Sevgili arkadaşım Ezgi’nin kaleminden…
Ben hasta bir adamım. Ruhumu en bilinmez, en yalnız köşelere sürükleyen, zihnimi tuzağa düşürüp, her şeyi, herkesi hatta kendimi bile bana yabancı eden ama asla öldürmeyen bir hastalık bu.

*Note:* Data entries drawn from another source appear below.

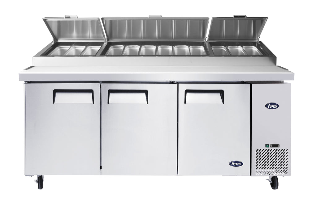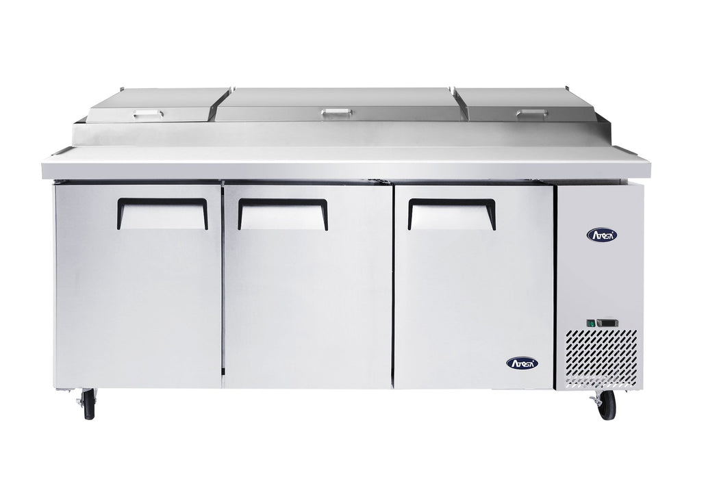 Atosa MPF8203, 93-Inch 3-Door Pizza Prep Table, is a commercial equipment unit, designed for productive pizza preparation purposes. The unit holds (12) 1/3-size pans to keep all your fresh toppings close at hand. Its 2/3 HP compressor aimed to give great efficiency at minimum energy consumption and keeps the products at a safe holding temperature. Inside temperature ranges from 33 to 38F, while reliability is ensured by the defrost timer system, which prevents icing. The preinstalled shelves (with 155 LBS loading capacity per shelf) and castors allow you to locate the shelves just where you need them to accommodate your small or large food products.
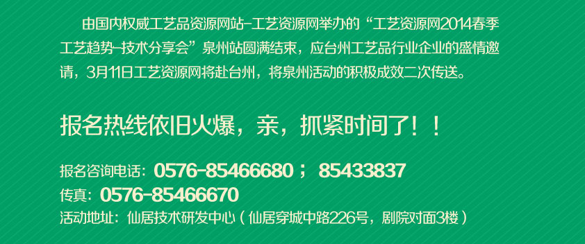 工艺资源网2014春季工艺品趋势•技术分享亲,别错过了报名!!!
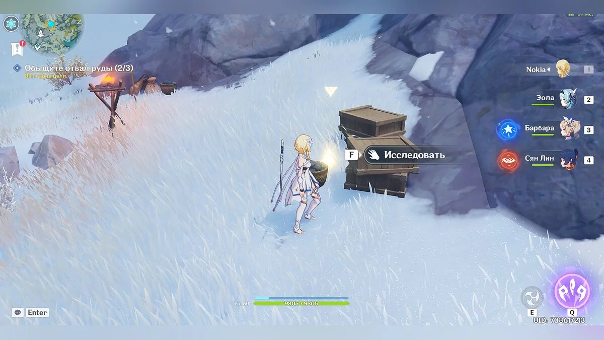 Нантак попросит вас разыскать окаменелые останки Лунного левиафана в регионе «Драконий хребет». В этот момент на карте появится отметка с местоположением цели. Обыщите три подсвеченные области в указанном месте и поговорите с Паймон.
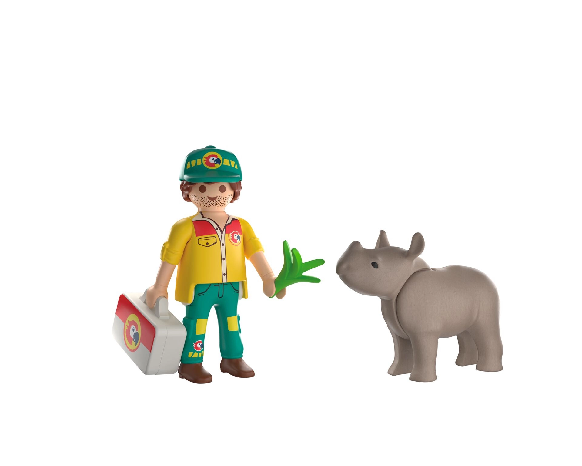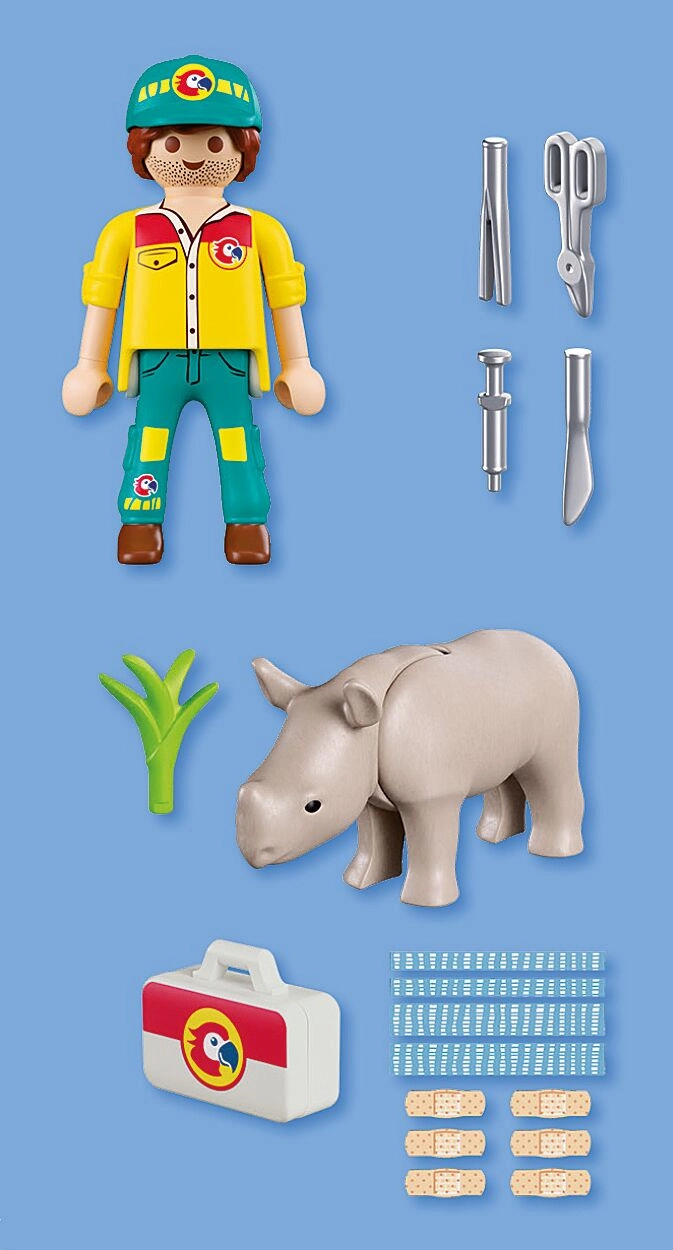 Ienāciet PLAYMOBIL pasaulē un palīdziet ievainotajam degunradzim atkal nostāties uz kājām. Šis Duo Pack sērijas komplekts piedāvā divas detalizētas figūriņas un praktisku piederumu klāstu, ar kuriem bērni var izspēlēt neskaitāmus stāstus no Playmo-City zoodārza. Reālistiskie instrumenti un aprīkojums attīsta iztēli un rūpes par dzīvniekiem.
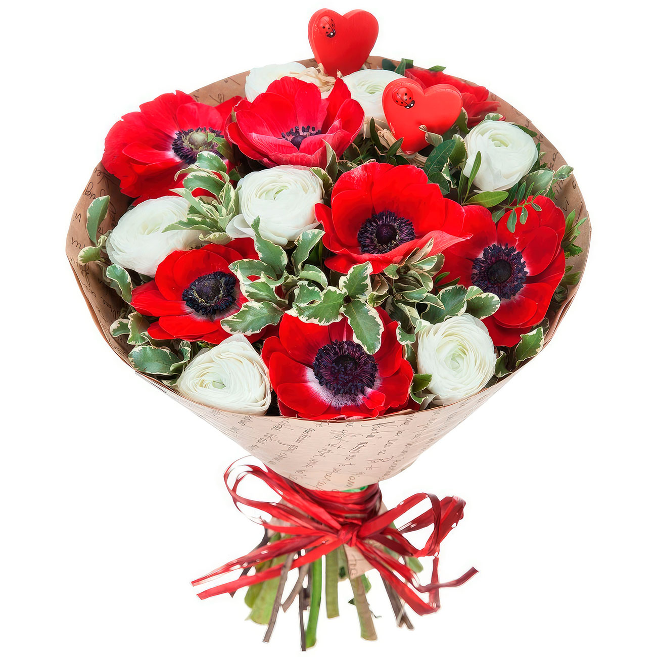Мак, ранункулюс мини белый, зелень. Упаковка (лента, пленка, крафт, сетка, пленка матовая)
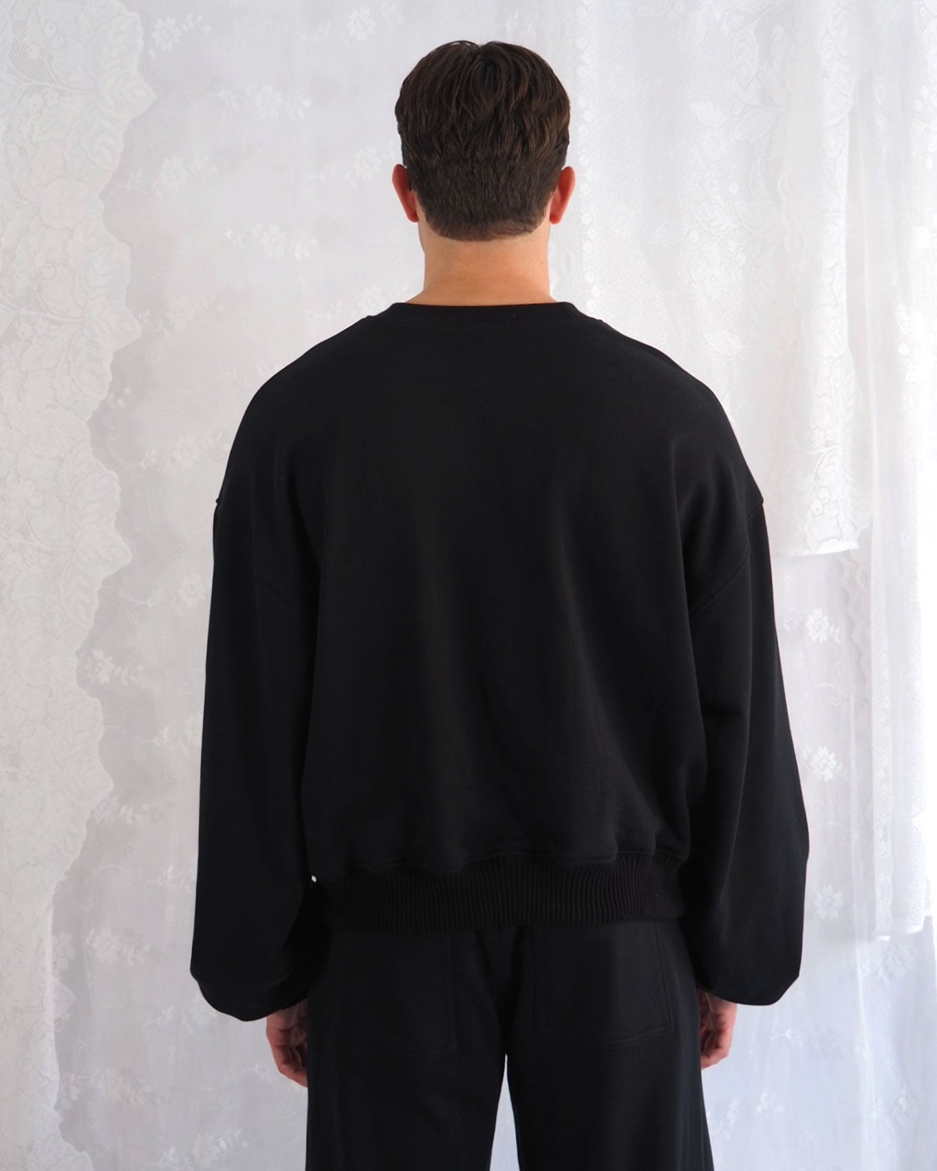 Der Borsum Crewneck besteht aus schwarzem Baumwoll-Sweat und bietet eine oversized Passform mit überschnittenen Schultern für einen lockeren Sitz.
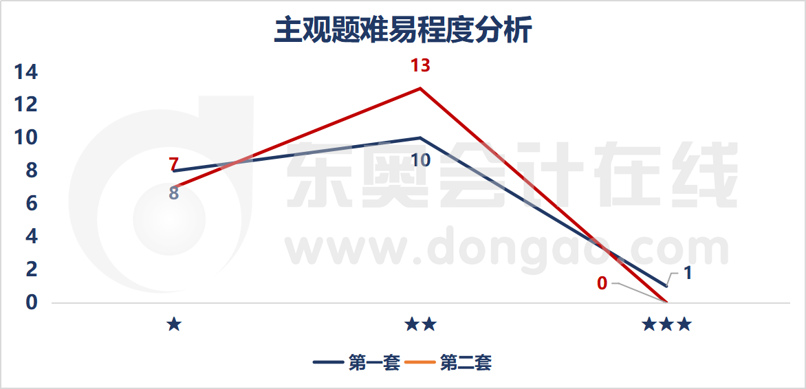 從上面的數(shù)據(jù)來看,主觀題考點主要集中在2星難度。根據(jù)考生反饋,財管考試計算量大,部分考點較偏,無論是考題的難度,還是廣度均呈上升趨勢。建議考生應(yīng)當(dāng)擴(kuò)大復(fù)習(xí)面,并且提高答題速度。
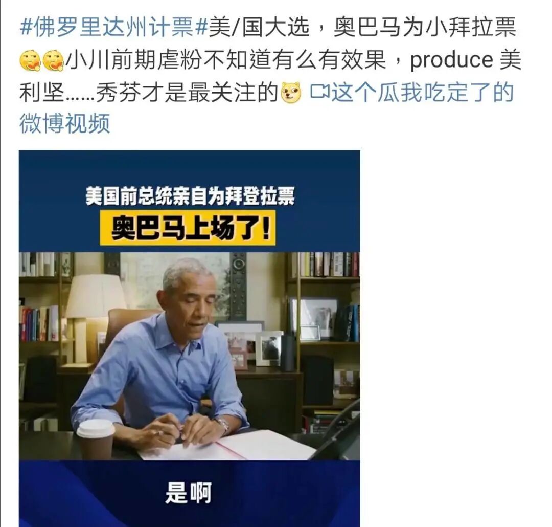 据悉,美国前总统奥巴马直接为拜登拉票。
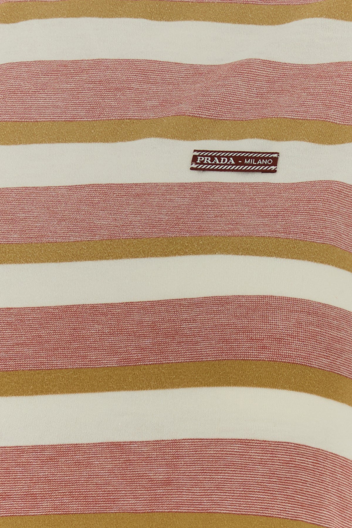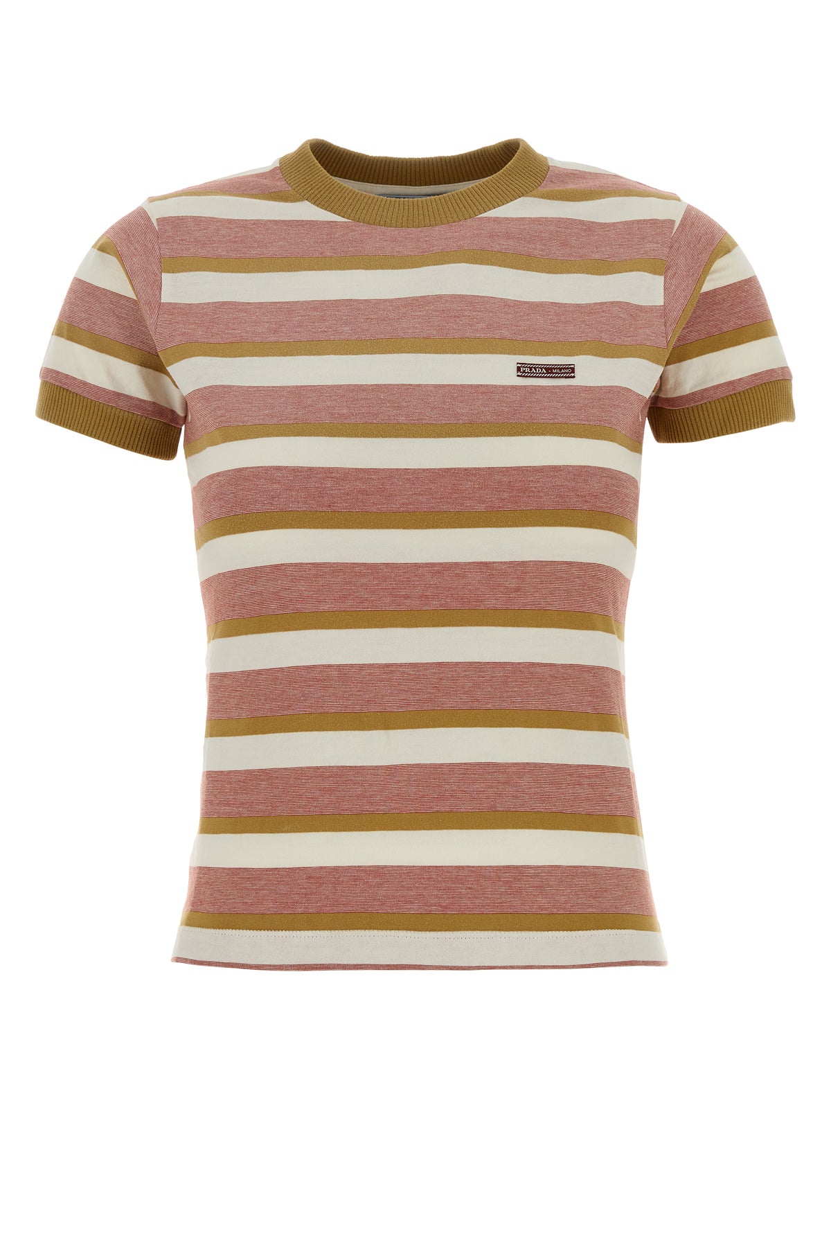 T-shirt realizzata in puro cotone caratterizzata da ricamo a righe su tutta la superficie arricchita da etichetta logata sul petto.
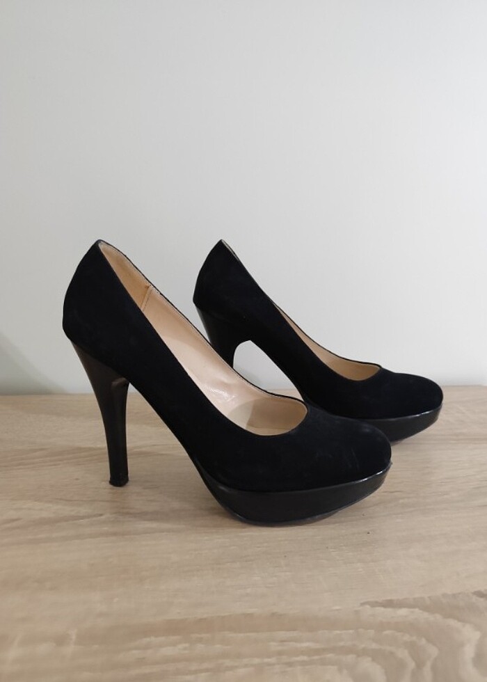 Sadece 1 kez kullanıldı. Ön kısmında rugan detayı vardır. Topuk boyu 10 cm'dir.
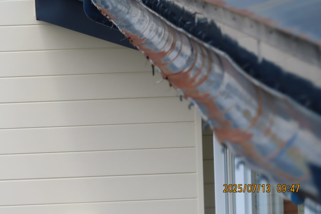 ⑦ 金具のサビ・緩み 金具がサビて固定力が低下。一部は緩んで雨樋が不安定になっていました。
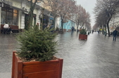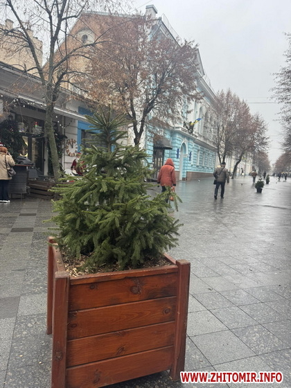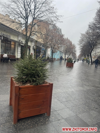 Пішохідну вулицю у Житомирі прикрасили живими ялинками, які ростуть у горщиках.

Bu hastalığa ne zaman, nerede yakalandım, tam olarak hatırlamıyorum. Galiba her şey geçen kış başladı, o en uzun gecede. Bir rüya gördüm. Yalnız başıma yürüyordum her gün geçtiğim sokaktan. Yürüyordum kimsesiz evlerin önünden, yalnızca solgun renkleri kalmış geriye. Sırasıyla sarı, yeşil, mavi. Sarı renge boyanmış olanın, beyazdan kemerlerine su damlıyordu karla kaplanmış çatısından. Kar durmuştu, ben daha rüyaya dalmadan. Karşısında ise beni her zaman tedirgin eden soluk yeşil, iki katlı ev, yarı açık pencereleriyle üstten üstten bakıyordu. Karanlık dolaşıyordu içerde. İnsan silüetinde iki uzun ağaç yan yana açılmış dört kapının arasında, onlardan izin almadan kimsenin geçmesine izin vermeyeceklermiş gibi dimdik uzanıyorlardı.Tepelerinde de ferforjeden sokak lambası. Bir suç işlesem hemen vuracaktı sarı ışığı gecenin karanlığında yüzüme. Oysa gündüz vaktiydi. Yanmıyordu lambalar. Yine de geçmedim oradan. Benden başka kimse basmıyordu kara. Ayak izlerim çıksın istemedim. Daha da ilerde solgun mavi ev. Yine iki katlı. Alt kattaki panjurlar sımsıkı kapalıydı ama üst kattaki pencerelerin perdeleri açıktı, yeşilden daha davetkâr. Karda yürüyordum tek başıma. Bir tek ben basıyordum kara. Ardımda ayak izleri. Yürüdüm. Tek başıma değildim sonra. Yüzler eşlik ettiler bana. Hiç görmediğim yüzler. Her gün yanlarından geçip gittiğim yüzler. Geçmişe gittik birlikte. Ardıma baktım. Kar yoktu. Pis, kalın bir halı yerde. Perdeler sımsıkı kapalı. Henüz güneş doğmamış. Oturuyordu herkes. Konuştular benimle. Ben aralarında süzüldüm. Tanıdım bazılarını çoktan koparıp attığım o tenha, gizli takvimlerden. Konuştular hep bir ağızdan. Dinledim, anlamadım hiç birini. Gittiler bazıları, uyanmamı bile beklemeden. Bir kadın geldi sonra. Saçları kadifeden ipekli. Uyandım.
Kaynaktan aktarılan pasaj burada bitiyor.